START Provided records

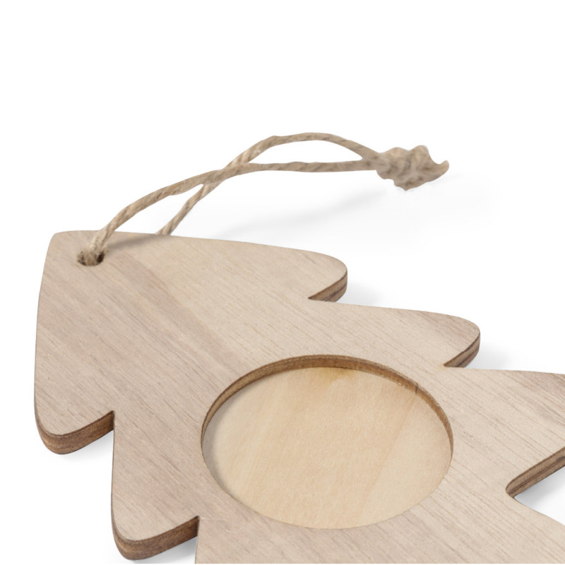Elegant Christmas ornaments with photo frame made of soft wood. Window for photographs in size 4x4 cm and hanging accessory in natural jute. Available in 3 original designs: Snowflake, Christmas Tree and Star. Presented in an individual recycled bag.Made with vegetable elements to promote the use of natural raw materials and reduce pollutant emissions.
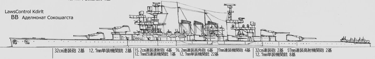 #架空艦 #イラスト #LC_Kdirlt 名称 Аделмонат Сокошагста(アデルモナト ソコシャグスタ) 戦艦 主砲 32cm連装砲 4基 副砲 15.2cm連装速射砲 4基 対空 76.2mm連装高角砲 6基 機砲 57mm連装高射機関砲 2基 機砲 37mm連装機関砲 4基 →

END Provided records
START Provided records

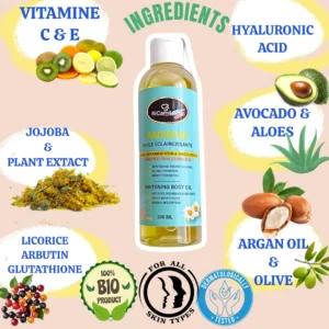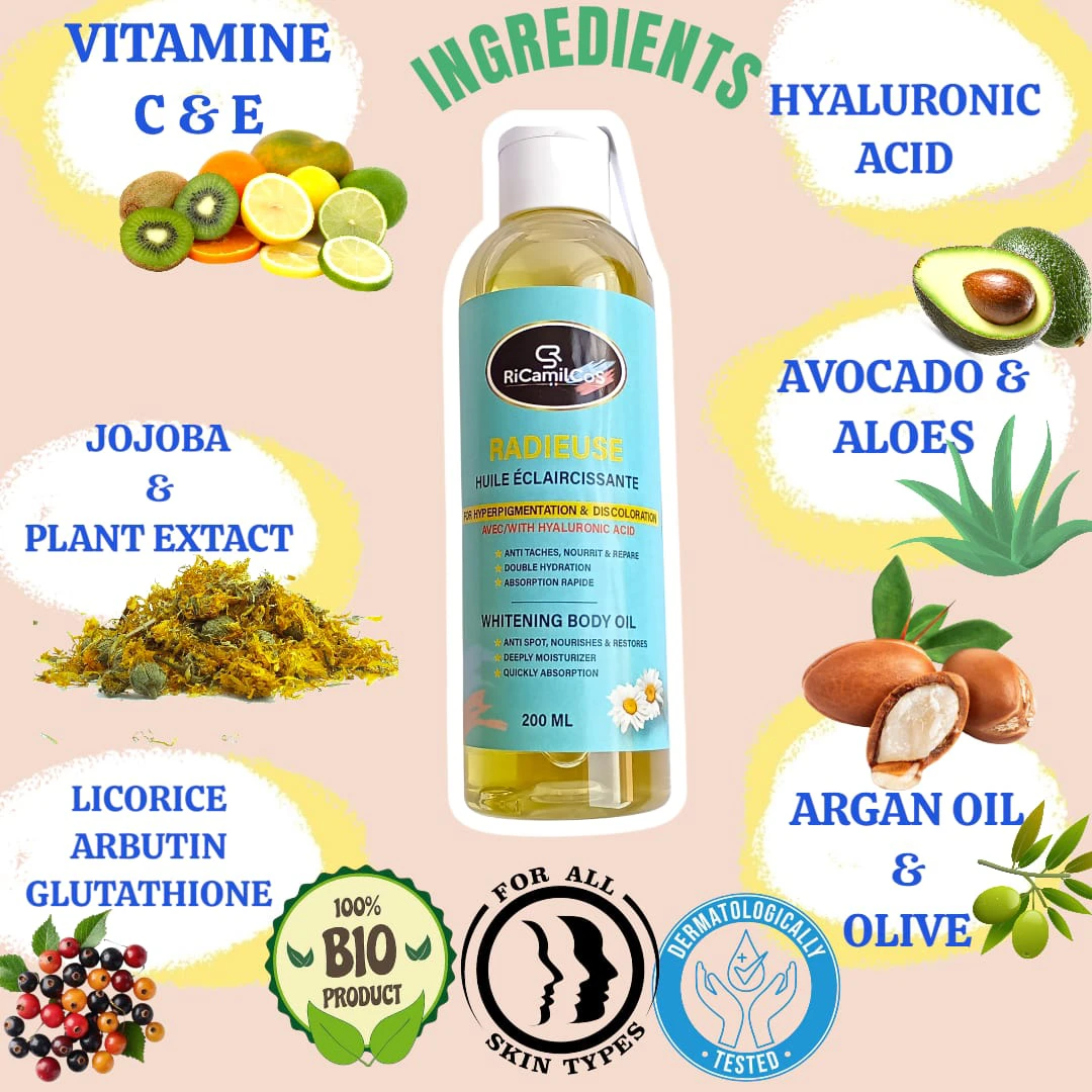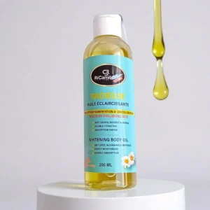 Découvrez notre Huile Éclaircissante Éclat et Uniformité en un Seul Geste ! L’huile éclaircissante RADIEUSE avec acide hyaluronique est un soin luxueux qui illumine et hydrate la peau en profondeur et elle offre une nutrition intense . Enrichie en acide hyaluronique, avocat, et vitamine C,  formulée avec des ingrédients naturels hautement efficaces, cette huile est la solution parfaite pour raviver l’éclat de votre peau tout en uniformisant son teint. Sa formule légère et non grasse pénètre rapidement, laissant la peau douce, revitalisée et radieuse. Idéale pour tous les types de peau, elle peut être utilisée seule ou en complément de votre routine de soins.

END Provided records
START Provided records

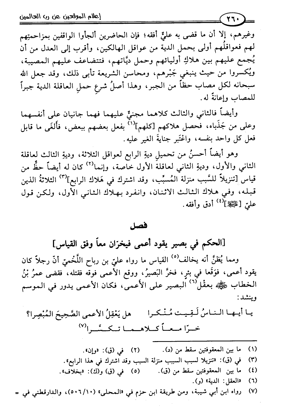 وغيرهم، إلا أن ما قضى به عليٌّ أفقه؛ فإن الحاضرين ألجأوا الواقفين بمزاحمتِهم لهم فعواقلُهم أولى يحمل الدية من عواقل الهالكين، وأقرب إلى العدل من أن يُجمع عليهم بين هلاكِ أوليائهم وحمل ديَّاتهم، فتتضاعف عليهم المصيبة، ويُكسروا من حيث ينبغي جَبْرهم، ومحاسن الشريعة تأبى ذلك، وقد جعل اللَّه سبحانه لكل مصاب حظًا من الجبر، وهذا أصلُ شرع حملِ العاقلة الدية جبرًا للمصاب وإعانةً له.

END Provided records

» Goal of the exercise: From the records above, copy exactly the lines starting at the one with "Elegant Christmas ornaments" and ending at the one with "#架空艦 #イラスト #LC_Kdirlt", and no others. Pictures stay out.

» Answer for the task:
Elegant Christmas ornaments with photo frame made of soft wood. Window for photographs in size 4x4 cm and hanging accessory in natural jute. Available in 3 original designs: Snowflake, Christmas Tree and Star. Presented in an individual recycled bag.Made with vegetable elements to promote the use of natural raw materials and reduce pollutant emissions.
 #架空艦 #イラスト #LC_Kdirlt 名称 Аделмонат Сокошагста(アデルモナト ソコシャグスタ) 戦艦 主砲 32cm連装砲 4基 副砲 15.2cm連装速射砲 4基 対空 76.2mm連装高角砲 6基 機砲 57mm連装高射機関砲 2基 機砲 37mm連装機関砲 4基 →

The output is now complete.